* **What needs to be done**
Reproduce the line with "Para gerar backup" and everything after it in the listing below, exactly, both ends included. No pictures.

* **The data**
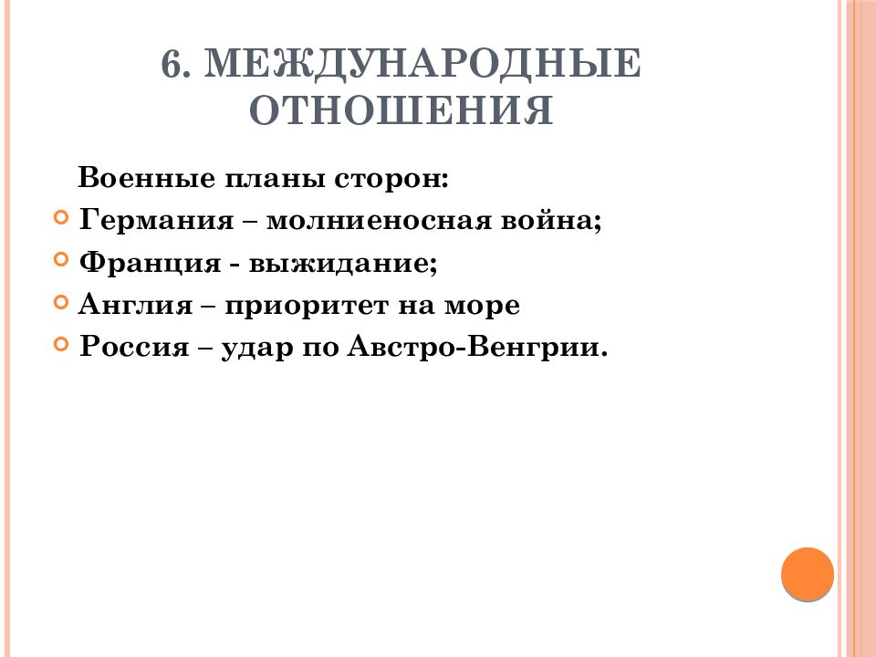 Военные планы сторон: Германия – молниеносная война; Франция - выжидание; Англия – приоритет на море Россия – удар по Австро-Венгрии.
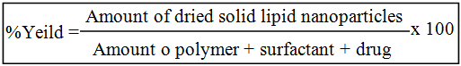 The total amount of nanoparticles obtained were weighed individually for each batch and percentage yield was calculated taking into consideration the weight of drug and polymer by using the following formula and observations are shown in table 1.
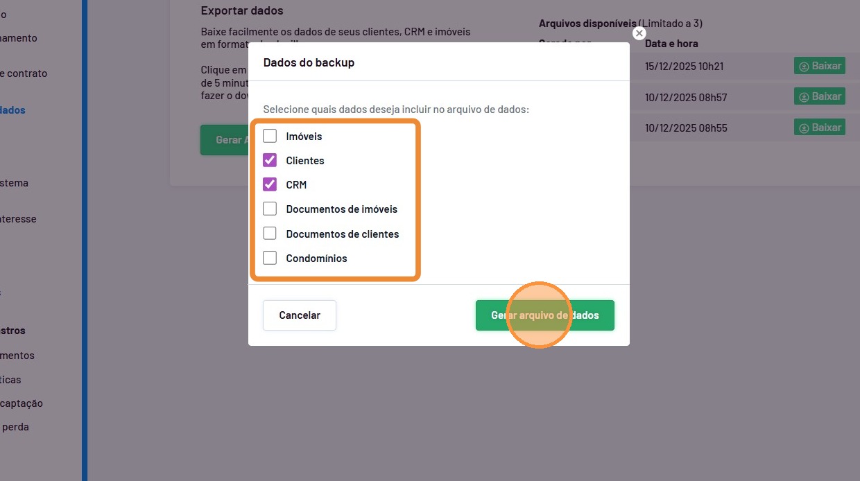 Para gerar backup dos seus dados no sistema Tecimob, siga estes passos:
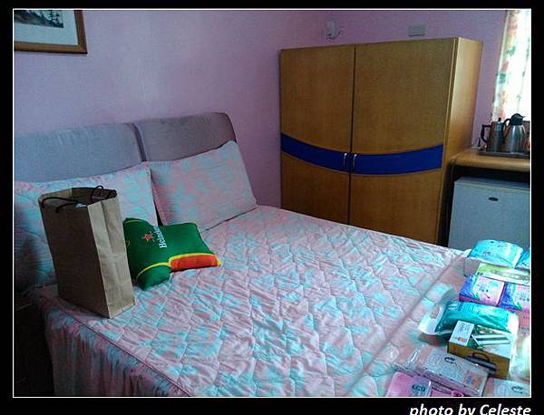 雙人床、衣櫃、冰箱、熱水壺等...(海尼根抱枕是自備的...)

* **Task response**
 Para gerar backup dos seus dados no sistema Tecimob, siga estes passos:
 雙人床、衣櫃、冰箱、熱水壺等...(海尼根抱枕是自備的...)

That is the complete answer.